Praying can be a luxury

Conditions highly suggest that a law "Prayer for all" be made, taking the current scenario in notice where women have to fight to worship. Gone are the times of the Vedic age where women participated as equal partners in all the rituals, it is now a time when they have to fight to be able to pray. Last year after a lot of struggle women were allowed into the premises of Shani Shingnapur Temple in Maharashtra. Recently, the Supreme Court of India in its landmark judgement legalised everybody's entry in Sabarimala Temple.

Girls and women of menstruating age - 10 - 50years - are not allowed in the premises of the Sarimala shrine, a temple which houses Lord Ayyapan.

The Supreme Court called the ban a representation of gender discrimination and ordered a judgement against it. The said ban has statutory backing in Rule 3(b) of the Kerala Hindu Places of Public Worship (Authorisation of Entry) Rules, 1965.

The bench headed by Chief Justice Dipak Misra along with Justices RF Nariman, AM Khanwilkar, and Indu Malhotra said, "The right to enter a temple is not dependent on a legislation. It is the constitutional right."

According to an article by NDTV, "Every woman is also the creation of God and why should there be discrimination against them in employment or worship," said Justice DY Chandrachud, who was part of the five-judge constitutional bench that was hearing the case.

In October last year, the top court referred the issue to a Constitution bench, framing five "significant" questions. The main question was whether the traditional ban amounts to discrimination against women and violates their fundamental rights under the Constitution.

But this is not the win we all aim for, there are still a lot of places of worship in the country where women are not allowed to enter the premises of the temple, as it is considered that they might disrupt the whole pious process.

Located on the west coast of Mumbai, Haji Ali Dargah restricts entry of women. The reason stated by the trustees of the Haji Ali Dargah to the Bombay High court was that: "The trustees are unanimous on the point that entry of women in close proximity of a grave of male Muslim saint is a grievous sin as per Islam and as such governed by Constitution law and particularly Article 26 of the Constitution, which confers upon the Trust a fundamental right to manage its own affairs of religion and as such interference is uncalled for by any third agency."

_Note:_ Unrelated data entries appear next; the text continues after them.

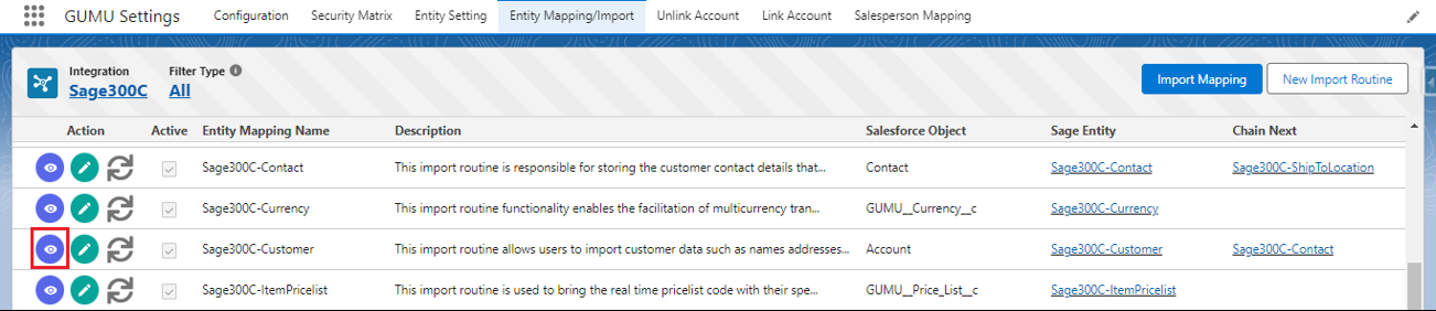 2. We need to sync the import routines one by one, to do so click on the eye icon and then click on the “Sync Now” button.
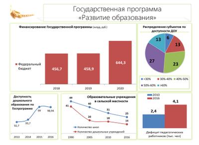 При этом можно с уверенностью говорить о том, что рассматриваемая государственная программа ситуацию в образовании на сельских территориях никак не поправила. Более того, к 2016 году на селе осталось всего 25 тыс. общеобразовательных учреждений и 14 тыс. детских садов. А это соответственно в 2 и 3 раза меньше, чем было в 1990 году.
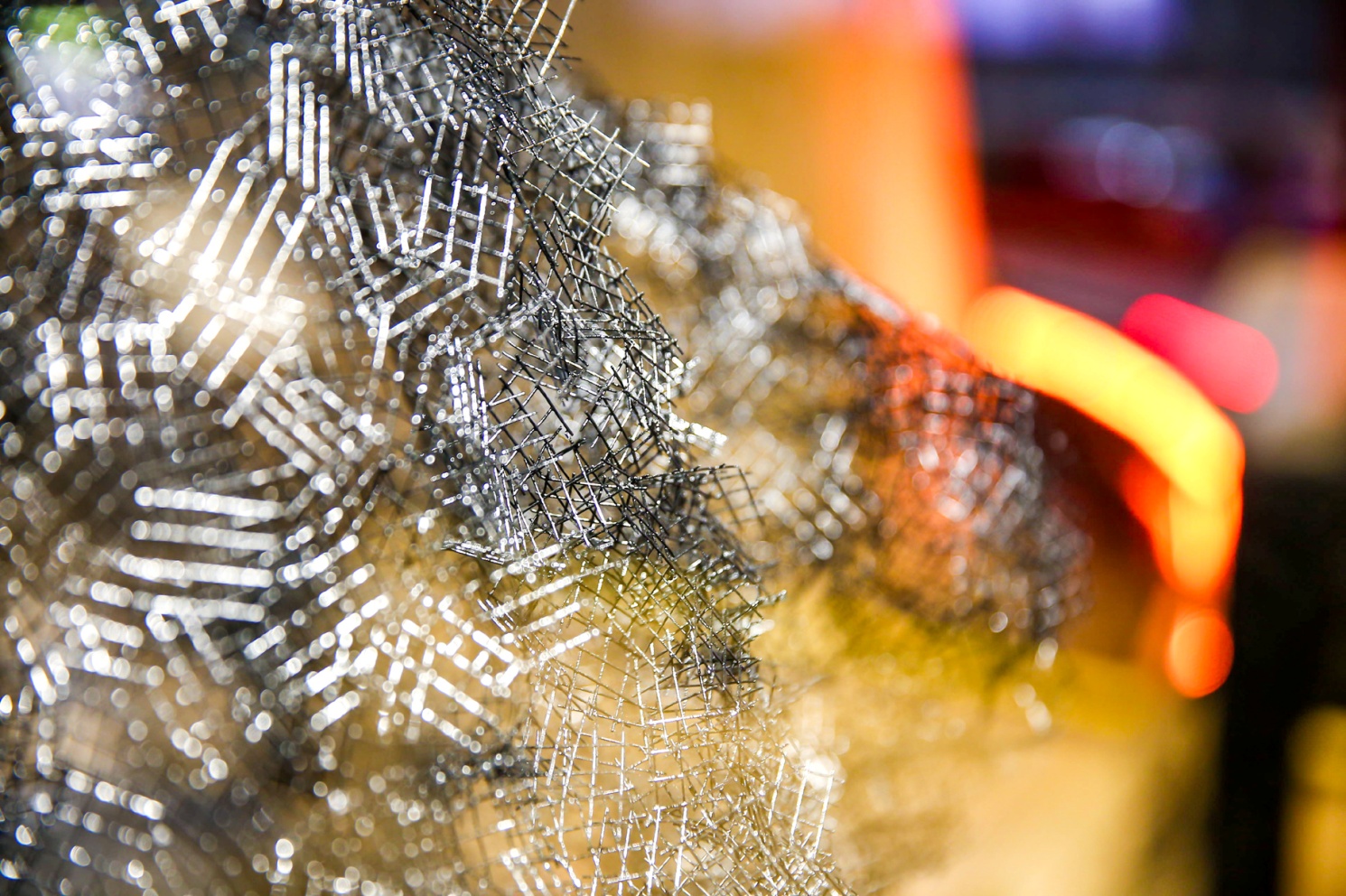 作品简介:作品希望通过对物质存在的思考来探索人与自然之间的关系。在形式上使用铁丝网碎片堆垒成形,在空间上运用一层套裹一层的方法,在视觉上产生虚实相生的意境。
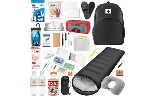 - 懐中電灯や簡易トイレ、保存食・保存水など、災害時に「これがないと困る!」という基本アイテムがしっかり網羅されています。
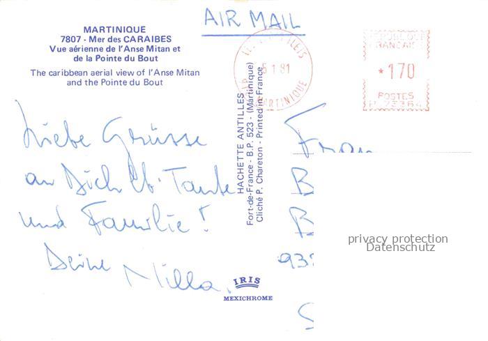 74093812 Martinique Mer des Caraibes Fliegeraufnahme Anse Mitan and the Pointe du Bout postalisch nicht gelaufen Erhaltung siehe scans [WerneD78] KatCode: 16170
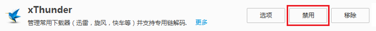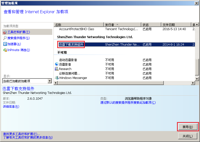 IE浏览器中点击工具>管理加载项,禁用“迅雷下载支持组件”,并重启浏览器。
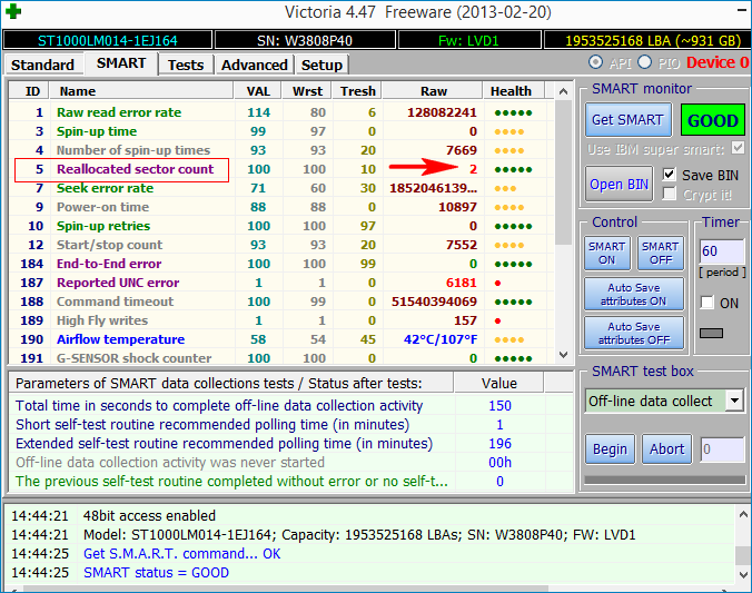но в независимости от результата, с данным диском нужно работать осторожно. Следите за атрибутом №5, если он будет изменятся, то посоветуйтесь со мной.
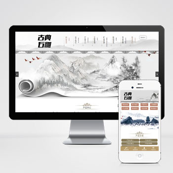 【S402】艺术石雕雕刻类企业网站模板 (PC+手机版)古典水墨风格网站源码下载
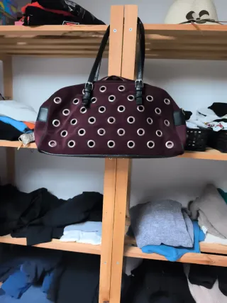 Bolso de mano con un diseño llamativo y moderno. - Acabado aterciopelado en tono morado. - Detalle de múltiples aros plateados en toda la superficie. - Asas negras con hebillas ajustables.
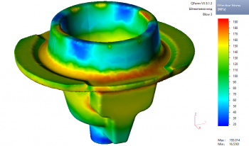 The optimization of hammer forging technology using QForm simulation software is shown in this video. The technology of stub axle forging consists of 4 hammer forging operations: drawing, upsetting, flattening and final forging. Formation of the laps occurs in the initial technology as shown in the first stage of the video. Then the upsetting and flattening height have been increased to avoid defect formation. The second stage of the video shows that the forged part does not have any defects after optimization.

Entry to the inner sanctum is restricted to women since June 2012. Similar rules have been laid down for women in Nizamuddin Dargah, Delhi. Lord Kartikeya Temple in Rajasthan boasts of a myth that claims to curse any women who enter the premise as they worship the celibate form of the lord. Ranakpur Temple comes with a lot of regulations for the women visiting, with days and outfits deciding their entry.

The recent judgment of the Supreme Court is a welcome move to end discrimination against women in places of worship.